This post was borrowed from the following: http://sdsuchildlit.blogspot.com/2015/02/michael-heyman-is-visiting-sdsu-come.html
Michael Heyman
Public Lecture
Alice in Wonderland One Hundred Fifty Years Later:
A New Magic Lantern Phantasmämphigory
March 4, 2015
5:00PM- 5:50 (followed by questions and discussion until 6:30PM)
Michael Heyman
A New Magic Lantern Phantasmämphigory
The National Center for the Study of Children’s Literature, with support from the Instructionally Related Activities fund, the Department of English and Comparative Literature, and the SDSU Library, is happy to announce a lecture by Professor Michael Heyman, noted poet, scholar, and musician. Michael's lecture concerns Lewis Carroll’s Alice and his Alice books—the first of which, Alice’s Adventures in Wonderland, is celebrating its one hundred and fiftieth anniversary this year!

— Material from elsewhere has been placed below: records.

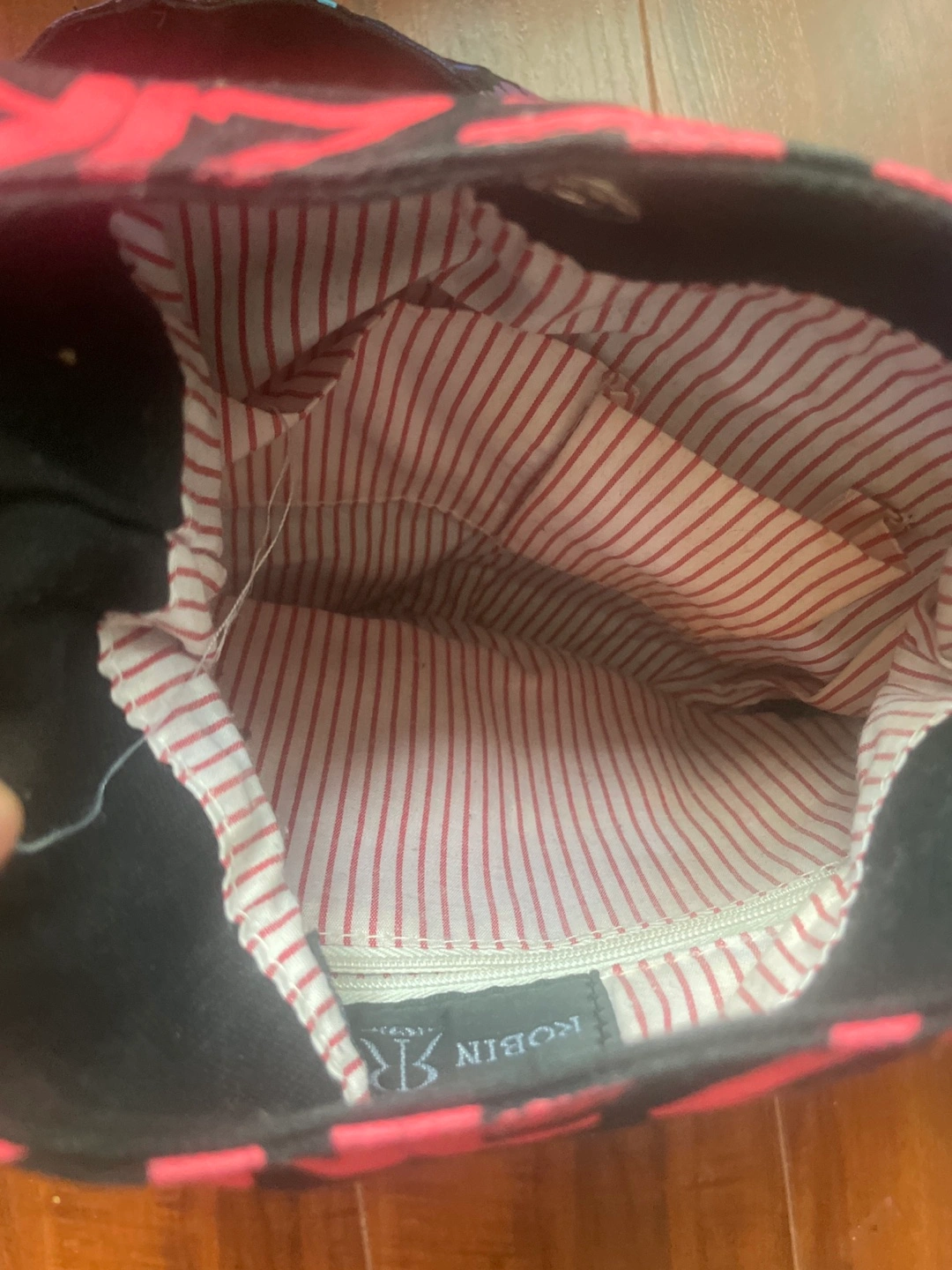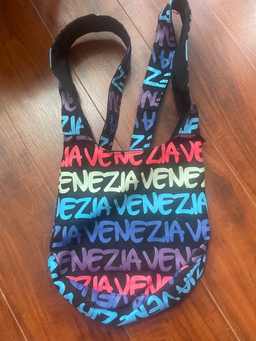530Small, black canvas bag with Venezia print. Features a zip closure and red striped lining.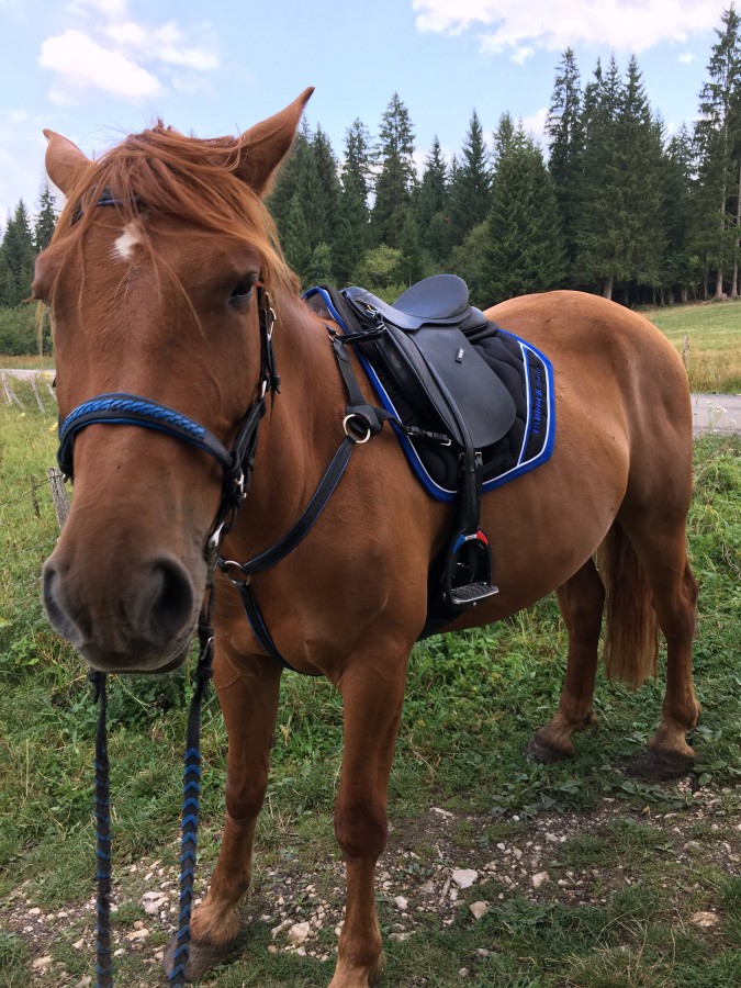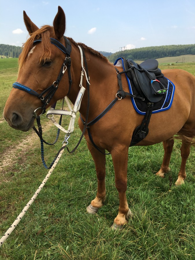 on a changé aussi pas mal de materiel pour qu'il soit au mieux niveau confort meme si je ne tape pas dans le haut de gamme ! il aura bientot un nouveau side pull , un mors double brisure ect !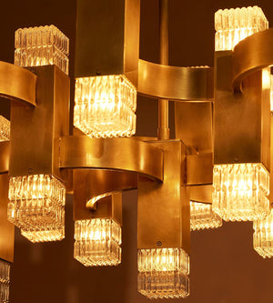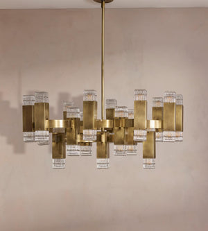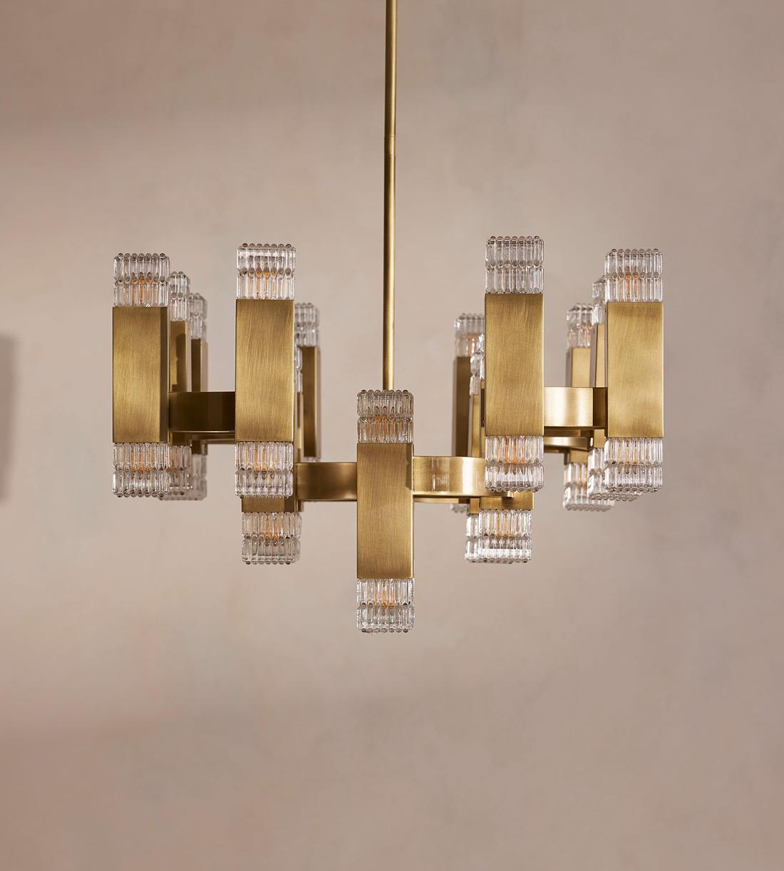 Formed from antiqued brass, the soft, sweeping arms of this chandelier are fitted with faceted glass bulbs for a geometric twist.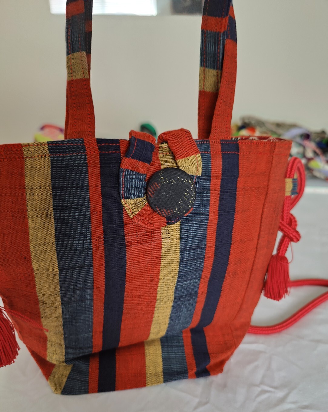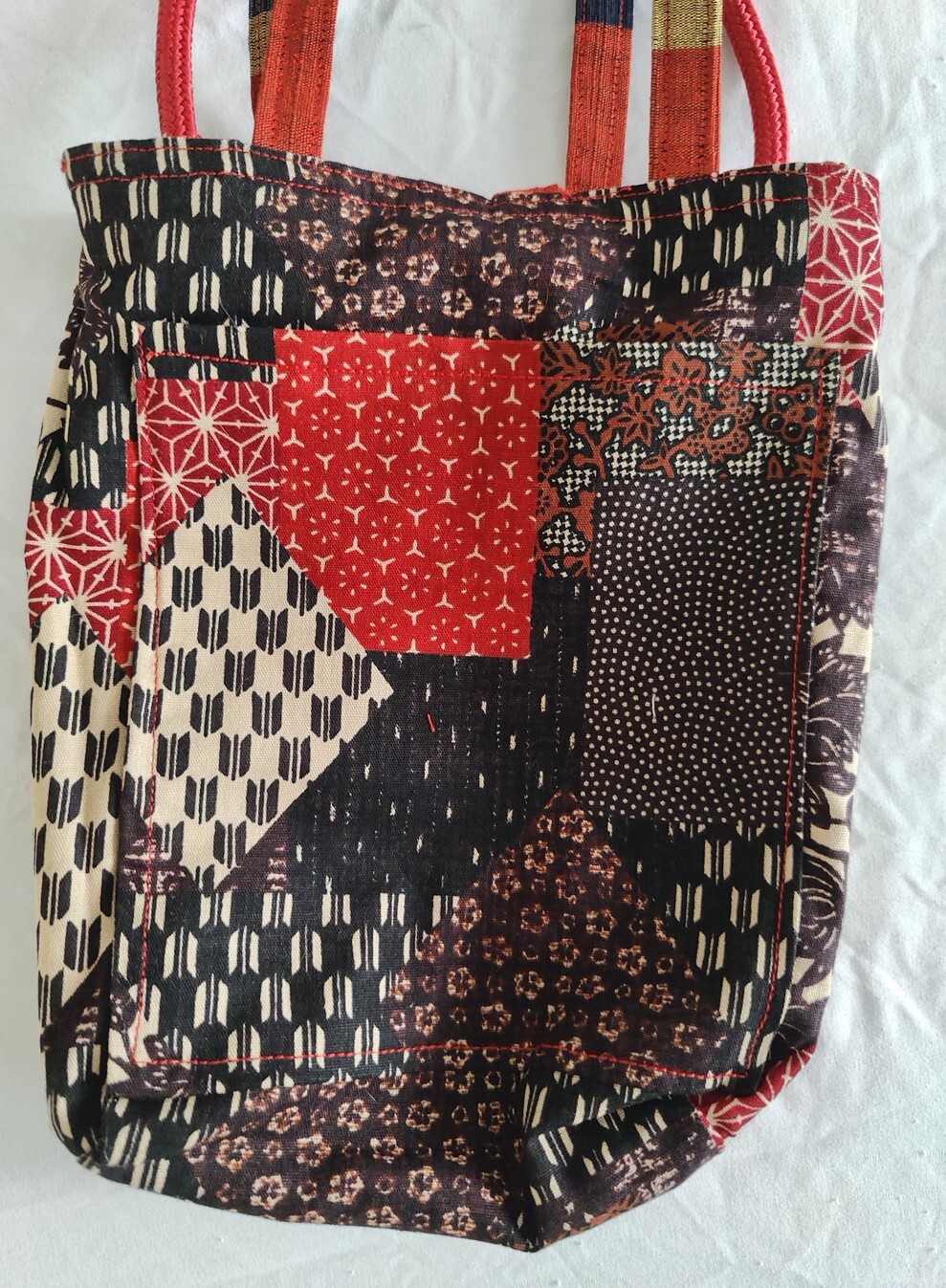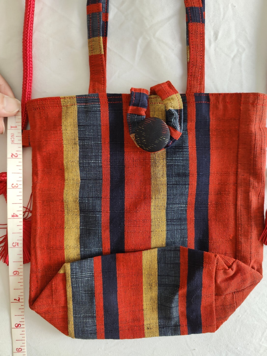 как выглядит Handmade Japanese Kimono Reversible Small Body Bag, Flower Print / Stripes фото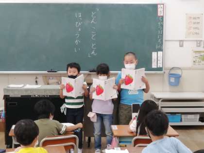 発表会では、緊張している様子でしたが、声の大きさや速さに気をつけて読むことができました。次の学習にも活かしてほしいと思います。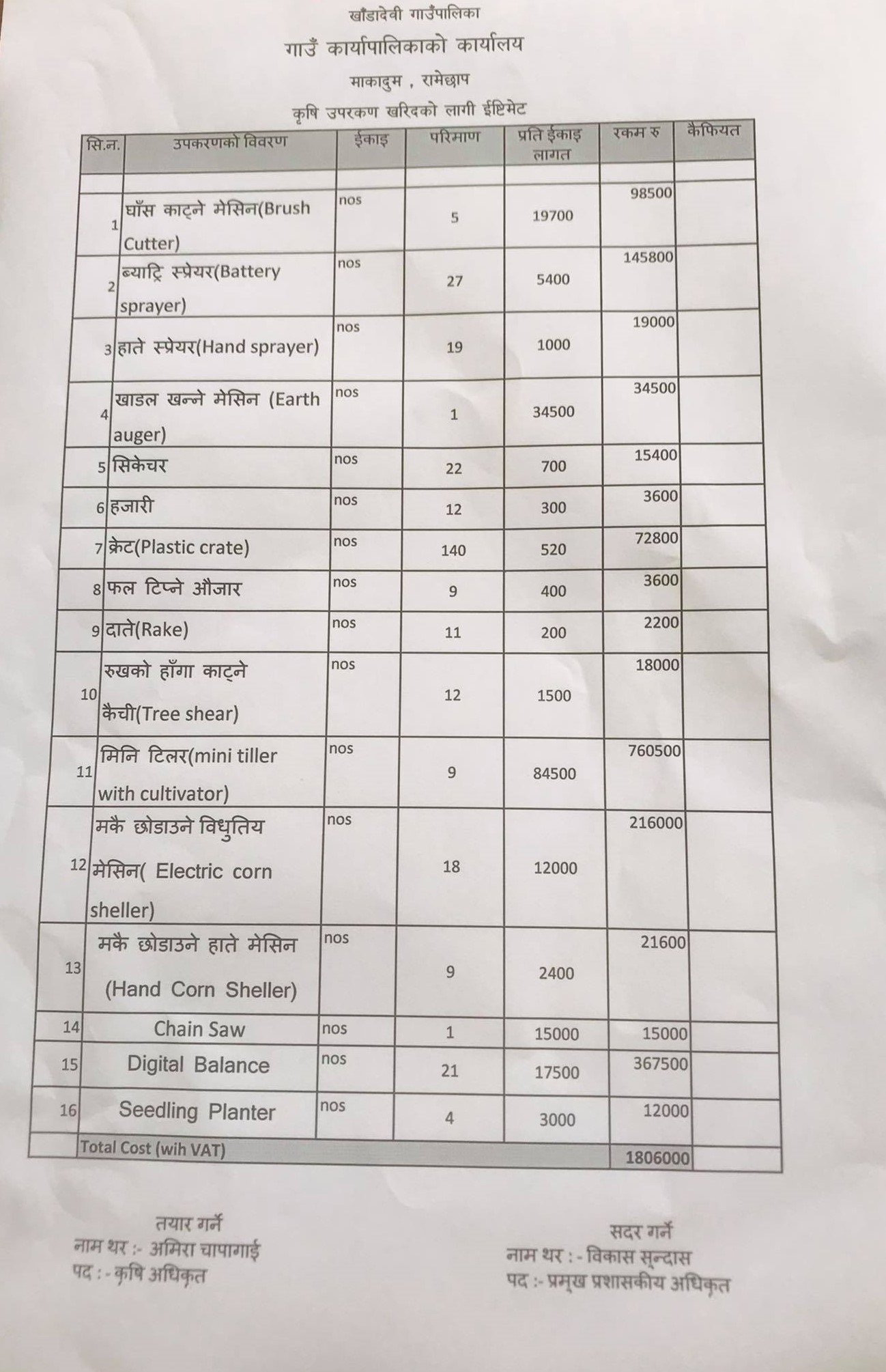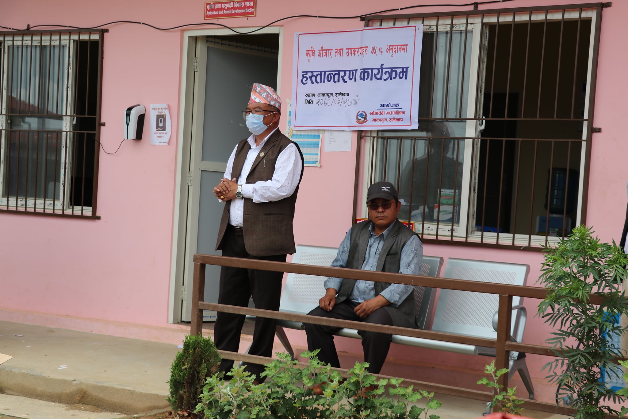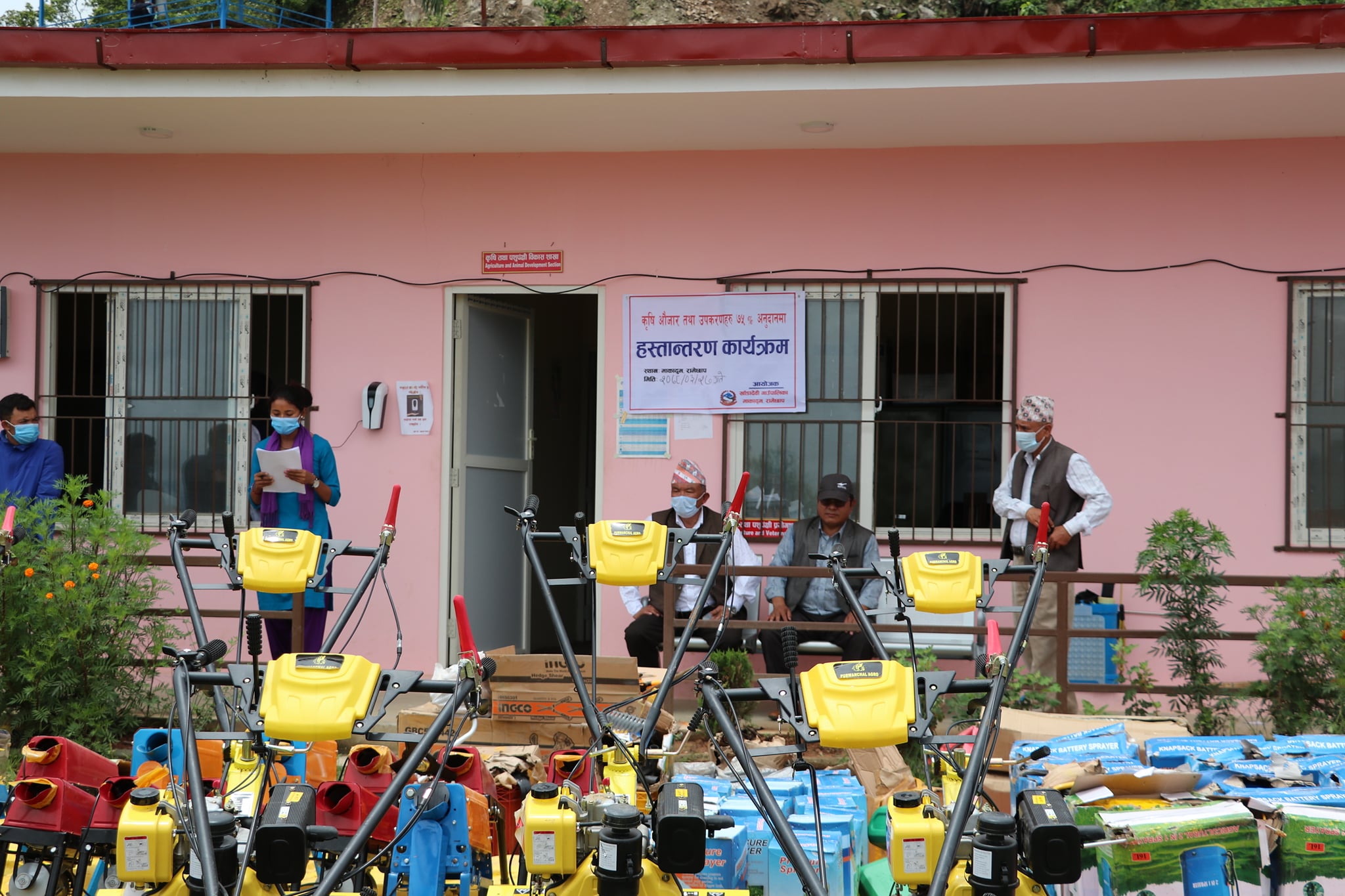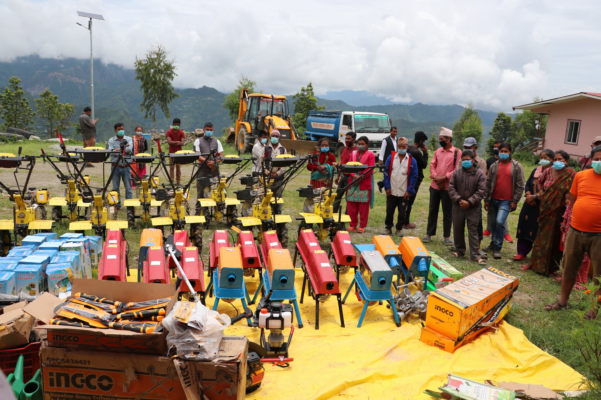 गाउँपालिकाले ९ वटा मनिटिलर, १८ वटा मकै छोडाउने विद्युतीय मेसिन, घाँस काट्ने मेसिन ५ वटा, ब्याट्री स्प्रे ठूलो २७ र हाते ९ वटा, खाडाल खन्ने मेसिन एक वटा, सिकेन्चर २२ वटा, हजारी १२ वटा, सामाग्री हाल्ने क्रेट १ सय ४० वटा,फलफूल टिप्ने मेसिन ९ वटा, दाँते ११ वटा, रुंखको हाँग काट्ने सानो कैचीं १२ र ठूलो एक वटा, मकै छोडाउने हाते मेसिन ९ वटा डिजिटल ब्यलेन्स तराजु २१ वटा र सेलिङ प्लान्ट रुख रोप्ने मिसिन लगायतको सामाग्री हस्तान्रण गरेको छ ।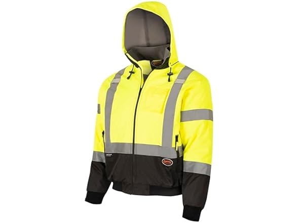 Woot offers Pioneer High Vis Safety Bomber Jacket For Men- Large â Waterproof Reflective Rain Gear Class 3 Detachable Hood for $24.73 free shipping with Prime. Product Description:- HI VIS BOMBER - Heavy duty coat can be worn as rain or snow work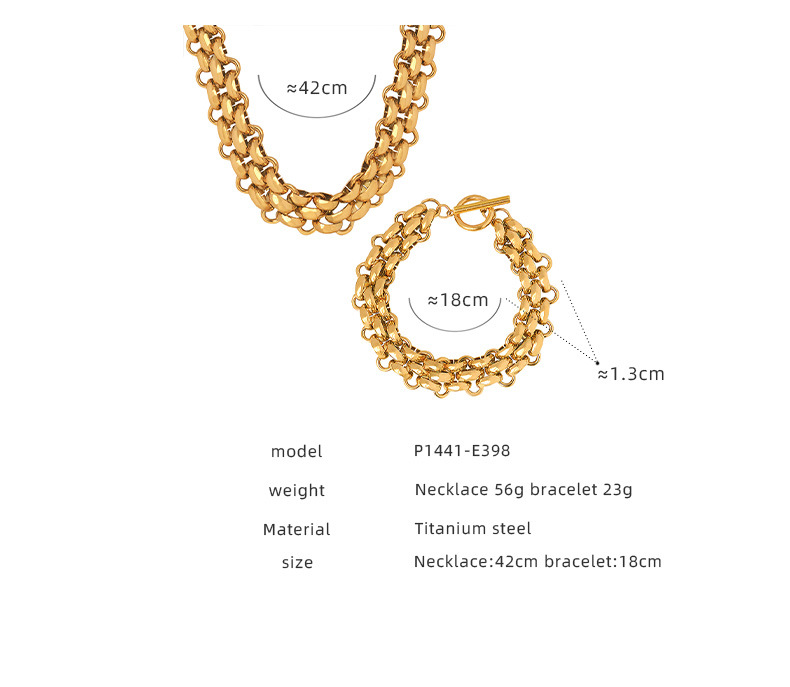 | Color | E398-steel bracelet-18cm,E398-gold bracelet-18cm,P1441-Steel Necklace-42cm,P1441-gold necklace-42cm |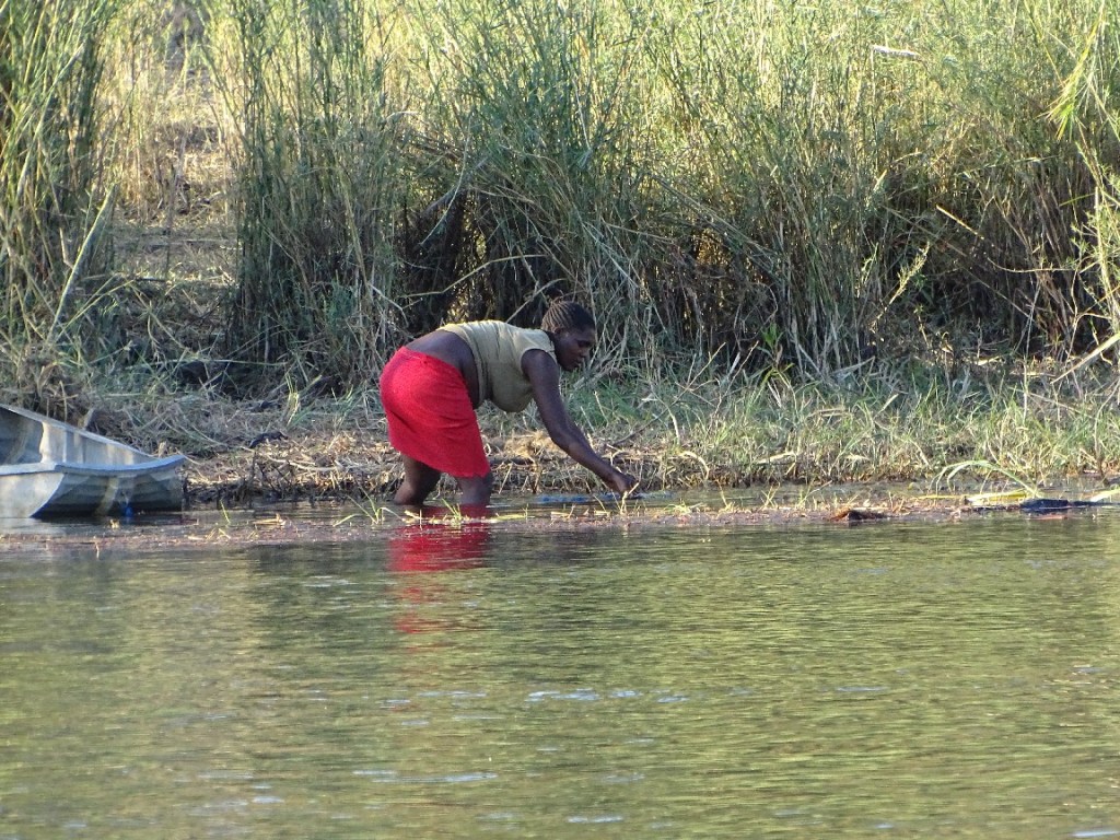 Wir befinden uns im Ovamboland. Der Fluss Okavango bildet hier die natürliche Grenze zu Angola im Norden. Unsere schöne Anlage befindet sich direkt am Ufer. Auf der anderen Seite des Stroms sind ein paar Einheimische bei der Abendtoilette oder beim Reinigen des Geschirrs.

Professor Heyman is a world-renowned scholar and writer of literary nonsense and children’s literature. He has edited The Tenth Rasa: An Anthology of Indian Nonsense (2007), and his poems and stories for children can be found in The Puffin Book of Bedtime Stories (2005),The Moustache Maharishi and other unlikely stories (2007), and This Book Makes No Sense: Nonsense Poems andWorse (2012), which he also edited.
Of his talk, Heyman writes: “Alice’s Adventures in Wonderland lives one hundred fifty years after its publication not because Alice is a princess in a literary fairy tale, not because of our own flirtation with Charles Dodgson and Alice Liddell, and not because Alice has become embedded in our culture as innocent, vixen, or queen of psychedelia; rather, Alice in Wonderland lives because of its uneasy balance of all of these things and more. Its genius lies in what it does more than what itis. And what it does is nonsense. This talk, part magic lantern show and part paean to Lewis Carroll’s nonsense literature, does the unthinkable: it separates analysis from interpretation, it values the cart over the load. It offers the greatness of Alice as a teasing and tempting nonsense process, in its ability, like Humpty Dumpty, always to leave egg on our faces.”
The lecture is open to the public and we encourage students, community members, and faculty to join us!